By Tonya Alanez South Florida Sun Sentinel
9:30 p.m. EDT, August 19, 2009
9:30 p.m. EDT, August 19, 2009
STARKE - After 25 years on Death Row, John Richard Marek was dead within 13 minutes of receiving a lethal dose of chemicals Wednesday evening for the murder of a widowed mother of two whose brutalized body was found in a lifeguard shack on Dania Beach-
As the poisons flowed into his arms, Marek, 47, a hulking, ashen man, did not flinch, twitch or spasm.
Strapped to a gurney and draped in a white sheet in the fluorescent-lit, white-walled death chamber at Florida State Prison, the convicted killer simply appeared to drift into unconsciousness, his eyelids growing heavy, his mouth agape.
"Jesus, remember us sinners," were his final words before reciting the Lord's Prayer.
It was the 68th execution in Florida since the death penalty was reinstated in 1979, but only the second execution out of Broward County in that time.
Marek, originally from Fort Worth, Texas, followed the botched electric-chair execution of Jesse Tafero, 43, a convicted cop killer, who had flames and smoke shoot from his head during his 1990 execution. It took three jolts of 2,000-volt electricity to kill him.
Twenty-six witnesses — including the victim's family and friends, prison officials and journalists — gathered to observe Marek's scheduled 6 p.m. execution.
Delayed by 20 long minutes to await word from the courts on Marek's final appeals, the observers, seated on metal-frame chairs and packed shoulder to shoulder, sat in solemn silence but for the heavy hum of a wall air-conditioning unit.

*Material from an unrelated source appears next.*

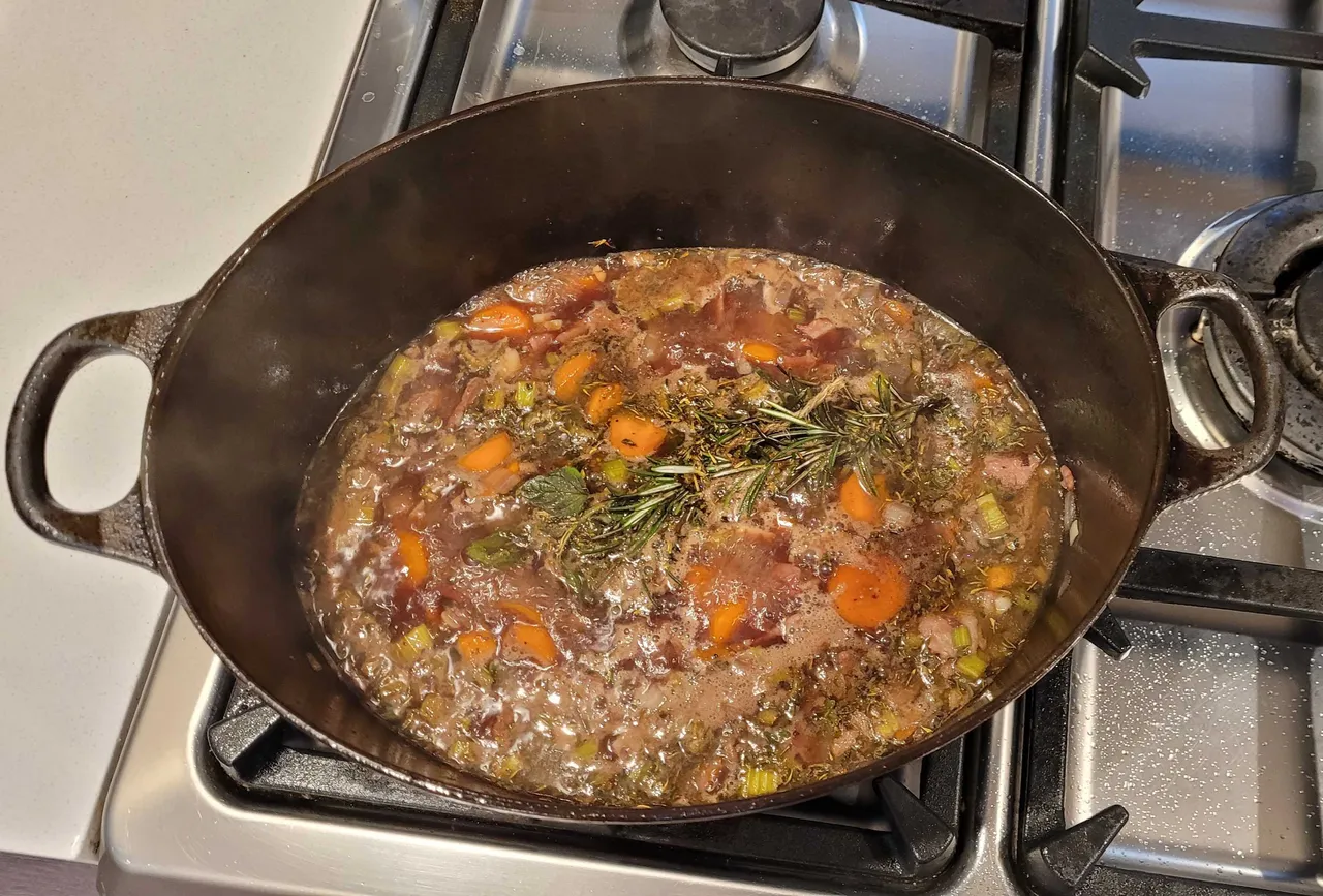Went French for dinner - a nice rich Beef Bourgignon sauce - just add the browned blade steak and serve with fresh veges.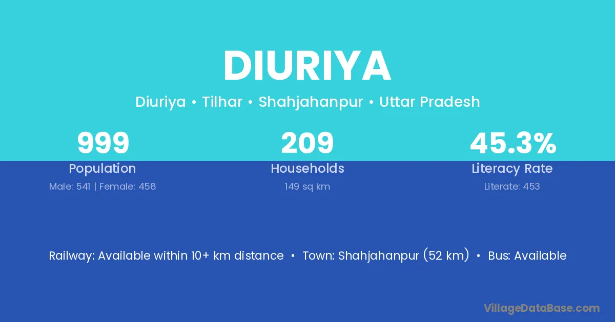 Shahjahanpur (52 km) is the nearest town to Diuriya village for major economic activities and is located approximately 52 km away.

Meanwhile, about 20 death-penalty protesters gathered across the road from the prison. They sang songs. They rang a bell. They stood on the grass in a moment of silence.
At 6:20 p.m. the brown curtain rose from the large rectangular window separating the observation area from the death chamber, revealing Marek supine on the gurney, his arms at his sides, secured by padded brown wrist cuffs and intraveneous tubes taped into place. His open-palmed hands were wrapped in white gauze.
A prison warden hung up the phone to the office of Gov. Charlie Crist, and gave the go-ahead.
Marek, who had testified that he was incapable of murder, lifted his head, smiled and mouthed a few words to an Episcopalian minister seated in the front row whom he'd met with earlier in the afternoon. He then uttered his final words.
Four minutes later, following the first injection, the warden tested Marek to verify that he had lost consciousness, brushing his hand across the condemned man's eyelashes.
Next came an injection to paralyze, followed by another to stop Marek's heart.
Marek — who was convicted of the first-degree murder of Adela Marie Simmons, a Barry University administrator, in 1983 — was pronounced dead at 6:33 p.m., 13 minutes after the first of the three injections entered his blood stream.
The nude, bruised, strangled and raped body of Simmons, 45, was found June 17, 1983. The night before she had left her best friend, Jean Trach, behind in her broken-down car on Florida's Turnpike in Martin County to take a ride with Marek and Raymond Wigley to get help.
Simmons' two daughters – Vivienne Yao, of Miami Shores, and Aileen Simmons Bantau, of Austin, Texas – did not attend the execution.
But Alan Bantau, a son-in-law Simmons never met, and Trach's son and daughter, Andrei and Tanya, watched Marek's last moments from center seats in the front row. Tanya Trach clasped hands with a victim's advocate.
After the execution, Bantau, 48, read remarks prepared by his wife and her sister.
He spoke of the grueling 25-year wait for justice and closure, and the desire to have Simmons remembered as the vibrant woman she was in life, rather than a victim defined by the grisly circumstances of her death.
"Nothing prepares you for losing someone you love in such a horrible manner," Bantau said.
A native of Yugoslavia, who fled to Venezuela at age 9 with her parents after World War II, Simmons was a petite lover of the beach, parties, golf, football, dance and movies. Easy to make friends, a lover of laughter, an ambitious traveler. A friend and a mother.
"I have no pity for the animal that was executed this evening," Andrei Trach, 48, said afterward. "He got off easy. He's with his maker and his maker's wrath. I pray God show no pity on his soul."
Filing legal appeals up until the last minute, Martin McClain, the Wilton Manors attorney who spent 21 years trying to spare Marek's life, did not attend the execution.
For his final meal, Marek was given, at his request, a bacon, lettuce and tomato sandwich with mayonnaise on wheat bread, onion rings, French fries, blueberries and strawberries with whipped cream, and a Dr Pepper.
His body was removed from the prison Wednesday in a white hearse. After an autopsy, it will be given to a friend for burial.